Arvasi’ye göre insan, İslâm’da Allah’ın kulu, makinenin ise efendisidir. İnsan, ilim ve teknoloji aracılığıyla tabiatın sırlarını çözerek ona hükmetmek için yaratılmıştır; makine, insana hizmet eden bir araç olmalıdır, insan ona boyun eğmemelidir. Gerçek mümin, mabede olduğu kadar laboratuvara ve sanat galerisine de değer verir; ilkel şartlarda yaşamak yerine medeniyete koşar. Makinenin ve teknolojinin nimetlerinden azamî derecede yararlanılması gerektiğini, ancak bunun putperestliğe dönüşmemesi için insanın yalnız Allah’a kul olması gerektiğini vurgular. Ona göre modern kapitalist ve komünist sistemlerde insanlar makinelerin çarklarına mahkûm edilmekte, onlara adeta ilah gibi bakılmakta, bu da yeni bir putperestlik biçimi halini almaktadır.
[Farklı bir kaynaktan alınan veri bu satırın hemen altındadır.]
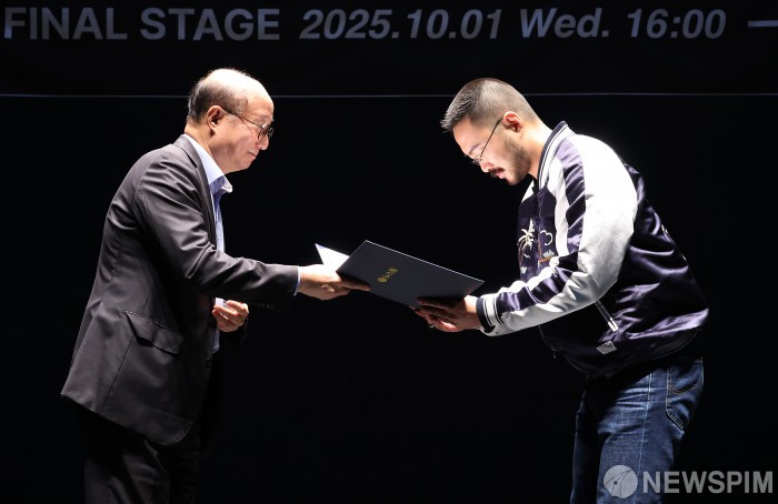 [서울=뉴스핌] 정일구 기자 = 유근석 뉴스핌 사장이 1일 오후 서울 동대문구 콘텐츠문화광장 스테이지66에서 열린 제3회 싱어송라이터 경연대회 '히든스테이지(HIDDEN STAGE)' 결선에서 참가번호 4번 김마누에게 대상을 수여하고 있다. '히든스테이지'는 종합뉴스통신사 뉴스핌과 감엔터테인먼트가 주최·주관하고, 문화체육관광부·서울특별시·한국콘텐츠진흥원·한국음악저작권협회가 후원한다. 2025.10.01 mironj19@newspim.com

Makineleşmenin doğurduğu boşluk konusunda Arvasi iki ihtimali de kabul eder: Makine, insanları işsiz bırakıp boşluğa ve ahlaki çöküntüye sürükleyebilir; ya da çalışma saatlerini azaltarak insanlara düşünme, araştırma, ilim, sanat ve dinî faaliyetler için zaman kazandırabilir. Her iki ihtimal de mümkündür; fakat asıl ihtiyaç, insanın gündelik ekmek kavgası ve modern çağın kaprisleri dışında kendine ve kâinata dönerek tefekkür etmesidir. Bedenî yorgunluktan kurtulan fert, kendini zihnen ve fikren yormalıdır; aksi halde büyük bunalımlar kaçınılmaz olur. Bu noktada Kur’an’daki “Boş kaldın mı hemen yorul” (el-İnşirah 7) ayetine işaret eder. Makineleşme çağında asıl hedef, insanın yeniden Allah’tan başkasına kul olmama bilincini kazanması ve bu ölçüyü tüm insanlığa ulaştırmasıdır.
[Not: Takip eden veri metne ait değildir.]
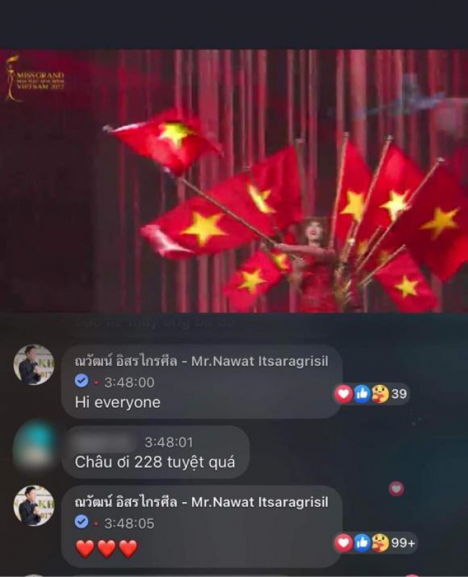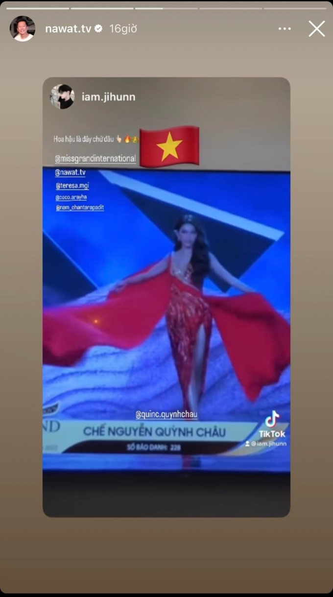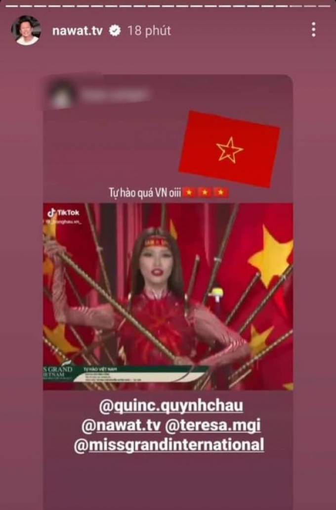 Trong đêm thi Trang phục Văn hóa Dân tộc ngày 23/9, khán giả cũng phát hiện Mr. Nawat đã vào xem livestream đúng ngay lúc Quỳnh Châu bước ra cùng bộ trang phục "Tự hào Việt Nam". Ngay sau đó, ông còn hào hứng chia sẻ lại màn biểu diễn trên trong story của mình.

Günümüz açısından bakıldığında, teknoloji her geçen gün ilerlemekte ve insanlık adeta makineye, yani teknolojiye esir olmuş vaziyettedir. Bugün yapay zekâ gibi araçlarla insanlar kendilerine ait hassaları, hisleri, tefekkürü kaybetmekte ve daha donuk bir hâle gelmektedir. Ancak buna karşılık, makineyi kendi ideâsı ve fikrine göre kullanan, onu bir araç olarak yöneten fertler de vardır. Asıl mesele, makineyi yönetebilecek güç olmaktır. Bu ise onu bizzat üretmek, teknolojik altyapıyı kurmak, arz-talep dengesini tayin etmek ve insanlara neyin gerektiğini bizzat belirleyebilecek bir pozisyonda bulunmakla mümkündür. Gerçek hâkimiyet, makineyi yöneten, onu var eden ve yönlendiren ellerdedir.